Confidence slipping! No, no, no. Reese projected happiness to her face and slipped up behind her bouncy coworker. Keep it going, handsome!

"Yes," he said, eyes on her. He swallowed. "Yes, that's me. We'll start up next month with the Matrix trilogy. Hope you can make it. I don't have any female colleagues signed up yet."

"Sci-fi is my kryptonite. Makes me gooey and weak. How long do we have to wait for a Firefly-slash-Serenity run?" Clem asked, propping her elbow on a cubicle wall. Half a dozen enraptured number-crunchers gathered around to hear the answer. Reese doubted many on them knew what Clem was talking about; she certainly didn't. One more thing to Google as soon as possible.

"Funny you should ask. I plan on stretching Firefly out through the winter months come January. Followed by Serenity, and then on to space travel such as Alien or Interstellar."

Clem nodded sagely, musing on the movie selection.

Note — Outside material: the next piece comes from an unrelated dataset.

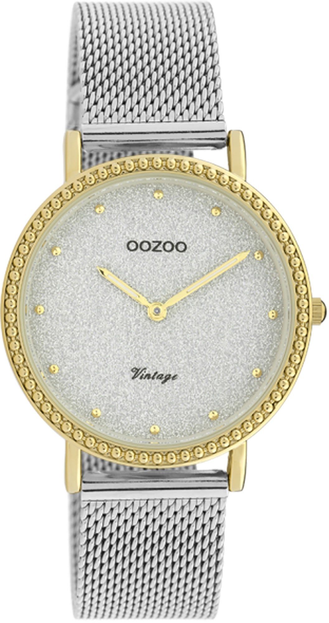 Die Fashion Uhr der Marke Oozoo hat ein schönes Armband aus Edelstahl in silber mit Klappverschluss. Eine Uhr aus der Oozoo Vintage Series Kollektion für Damen in der Gehäusefarbe gold mit Quarzwerk. Die Analoguhr mit Mineralglas hat ein Zifferblatt in der Farbe silber. Die Form der Uhr ist rund und das Gehäuse ist mittel ca. 34mm.

Reese heard the word "alien" and latched onto a memory. "Alien, like the funky face-hugger shirt?"

Kenneth snapped and pointed at her. "Exactly!"

"What shirt? That sounds great," Clem said.

Utter astonishment transformed Kenneth's face. The look he gave Clem was nothing short of a botanist discovering that not only was there a new life-form growing in his bathtub, but it could speak.

Wait a minute. Alarm bells were ringing. Kenneth's stroll through Reese's department was for his self-confidence, a practice run for real life this coming weekend. Not to pick up another date with the prettiest girl of the bunch.

"Hey, Barb," Reese called. "You remember Kenneth who came by yesterday, right? From the help desk?"

"I remember someone tall and helpful," Barb said, leaning against her wall to poke her head into the action. The wall swayed dangerously.

"Help desk?" Clem asked. She snorted in laughter. "Is that what they call it?"

Kenneth cleared his throat and did his shuffling step again. "Something like that, yeah."

"Oh, and these are a few of my other colleagues," Reese said, continuing on. Something was up whenever help desk was mentioned around Kenneth, but damned if she could guess what it was. "Carol, Bethany, Lucy, Shavon, Tara, and Wanda. And this is Clem, who loves sci-fi shows. I had no idea."

"Hi, everybody," he said, making brief eye contact with the ladies, exactly as Reese's coaching sheets explained. He landed and stayed on Clem, though.

"It's short for Clementine," Clem said. The warning bells in Reese's head went berserk. This was Clem's showstopper test. Any man who made fun of her name was black-marked for life, but any man who didn't was potential mate material.

"But you prefer Clem?" Kenneth asked, not losing a beat.

He passed the test.

Clem was radiant, and Reese broke into a sweat. Her logical side tried to convince her that this was good. He was making serious headway on his chatting skills. Her illogical, hormonal side, which had been throwing fits since Kenneth first proposed to hire her, was, once again, going feral. Clem would sink her kitten claws in her client if she didn't save him pronto.

And for some reason, the thought of anotherwoman getting it on with her hunky nerd sent Reese off the edge of calm.